Figure 4. Selection of AMPK activating compounds grouped according to their mechanisms of action

(A) pro-drugs converted into AMP analogs by cellular enzymes; (B) compounds that bind at the ADaM site; (C) compounds that act by inhibiting mitochondrial ATP synthesis and thus increase cellular AMP and ADP; (D) antifolate drugs that activate AMPK by inhibiting AICAR transformylase in the pathway of purine nucleotide biosynthesis (shown), thus increasing cellular ZMP. Figure modified from Fig. 1 in [71].

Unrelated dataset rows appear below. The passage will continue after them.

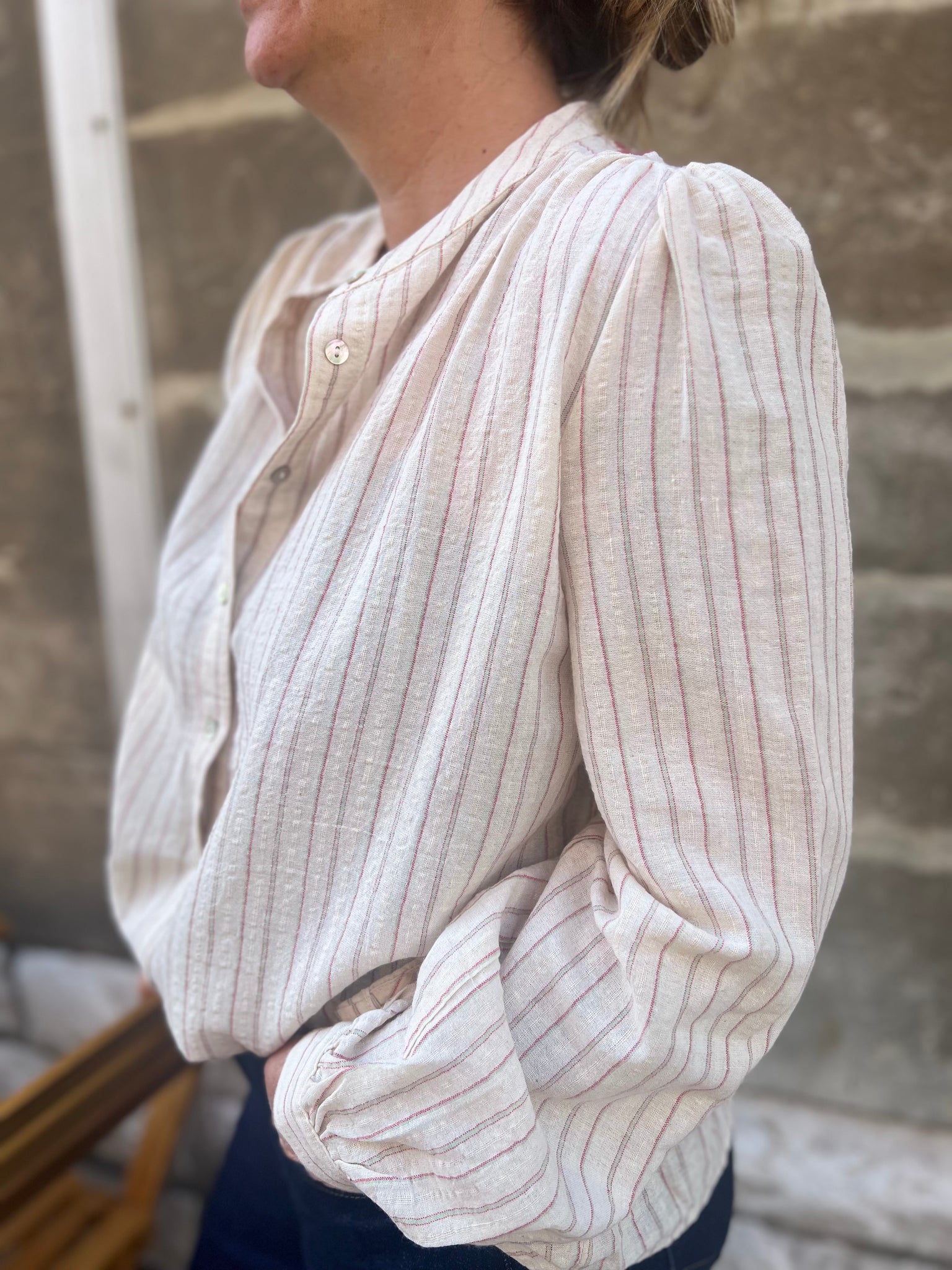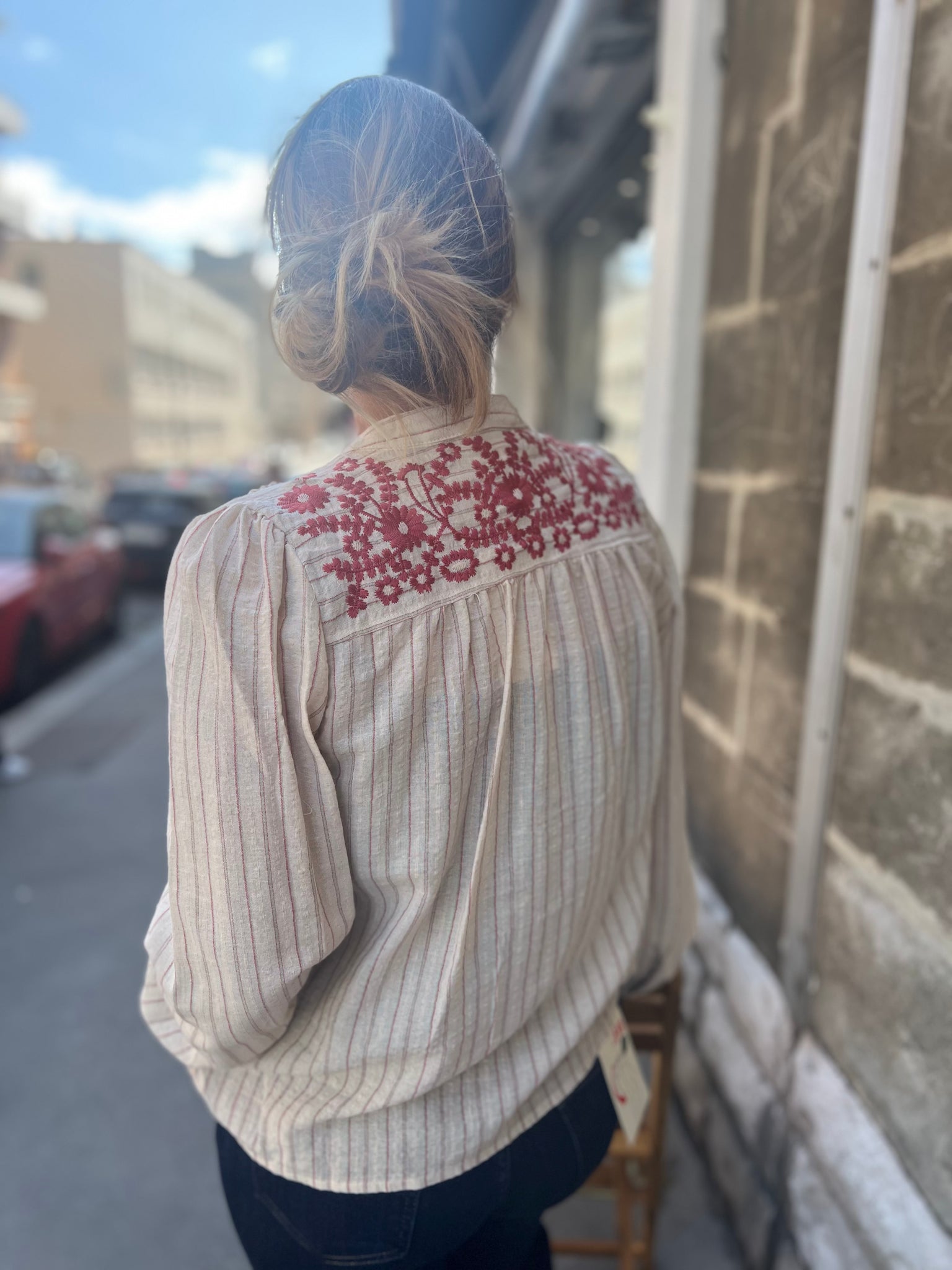 Blouse col mão, boutons nacrés, rayures grises et bordeaux (couleur tendance cette saison).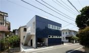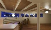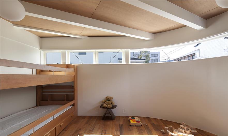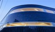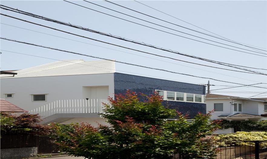 貼瓷磚的外墻面被設(shè)計(jì)成曲面,以突出水平橫向的觀感,并能借助太陽光線的變化帶來不同的印象。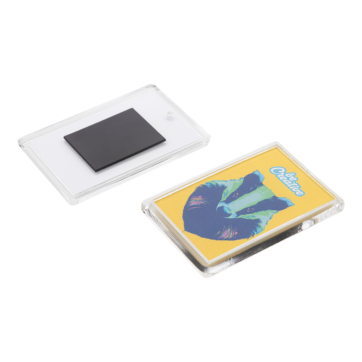 Obdélníkový akrylový magnet na ledničku s plnobarevnou papírovou vložkou na zakázku. Cena zahrnuje digitální tisk, cena nezahrnuje tiskovou přípravu. Min. mn.: 100 ks.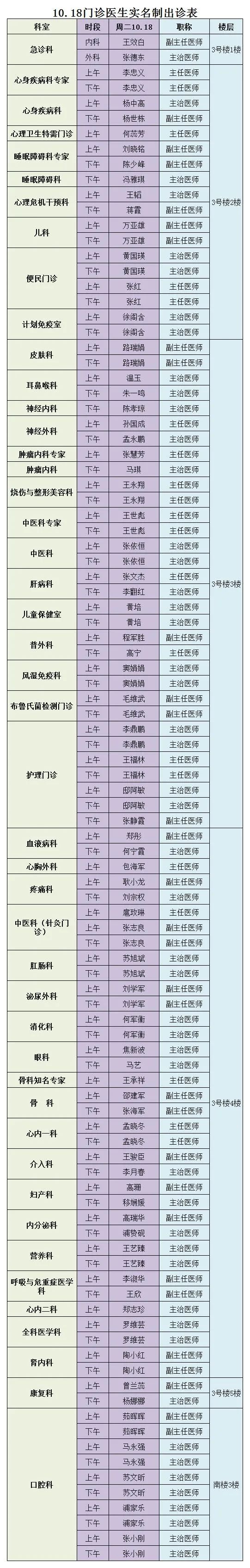 成人导航 、西北民族大学附属医院10月18日(星期二) 门诊出诊信息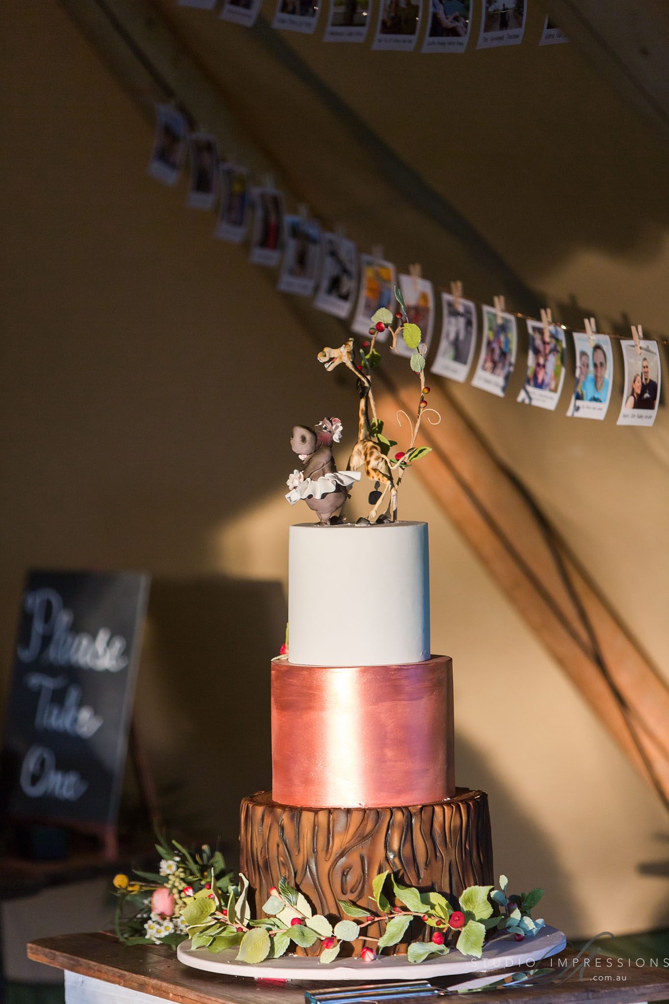 How do you describe your style and where did you find your inspiration? I can’t say I had one particular style, but I knew what I wanted. I wanted the day to reflect the memories that I had created with my husband and to be in the natural environment. I most definitely wanted a more relaxed party vibe than a formal wedding. The tipi was mainly our wet weather backup, but it also gave a safari feel. Fire pits, lanterns and directors chairs took me back to our time in India. Wine barrels to reflect our many vineyard tours. Safari animal figures and prints to reflect Africa (our all-time favourite adventure!). A mix of natives and roses in my bouquet represented the bush and vineyards. Hay bales and hessian to blend with the natural setting, but also to create a more casual feel. I also had a few sentimental items/ photos on the gift table that represented those nearest and dearest including my Dad who passed away several years ago. My cake topper of a hippo bride and a giraffe groom was made as a funny reference to some events that happened to us in Africa.

Figure 5. Approaches used to characterize the AMPK recognition motif

(A) Hypothesis-driven approach using mutations Constructs containing 34 residues around Ser79 on ACC1, with and without the indicated mutations, were expressed in bacteria and phosphorylated by AMPK in cell-free assays. Changes in kinetic parameters (k_cat/K_m) for each mutant relative to the wild type are represented by the lengths of the bars above (increases) or below (decreases) the indicated amino acid [46]. (B) Positional scanning peptide library. Phosphorylation by AMPK in cell-free assays of peptide mixtures (10-mers) containing serine and threonine at position 6, a fixed amino acid at one position (e.g. P-5, illustrated), and random mixtures at all others, revealed preferences for specific amino acids at each position [48]; “x”, any amino acid. (C) Direct thiophosphorylation with gatekeeper mutation. An AMPK mutant uses a bulky derivative of ATP-γ–S (A*TPγS) to thiophosphorylate direct targets in permeabilized cells [50]. Many direct AMPK phosphorylation sites were identified through isolation and identification by tandem mass spectrometry of the thiophosphorylated peptides [54]. Hydrophobic amino acids are in green, neutral polar in blue, acidic in orange, and basic in red.

Figure 6. AMPK recognizes a well-defined phosphorylation motif

The logo motif of 64 known AMPK phosphorylation sites from P−7 to P+7 is presented, and points of interest in the AMPK recognition motif are noted. Color scheme as in Figure 5. The logo motif was generated by WebLogo [72], using a previously described list of 50 well-validated phosphorylation sites [54] updated with 14 additional sites from the literature. This full list of 64 well-validated AMPK targets is provided as supplementary Table 1. Human sequences were used to generate this motif.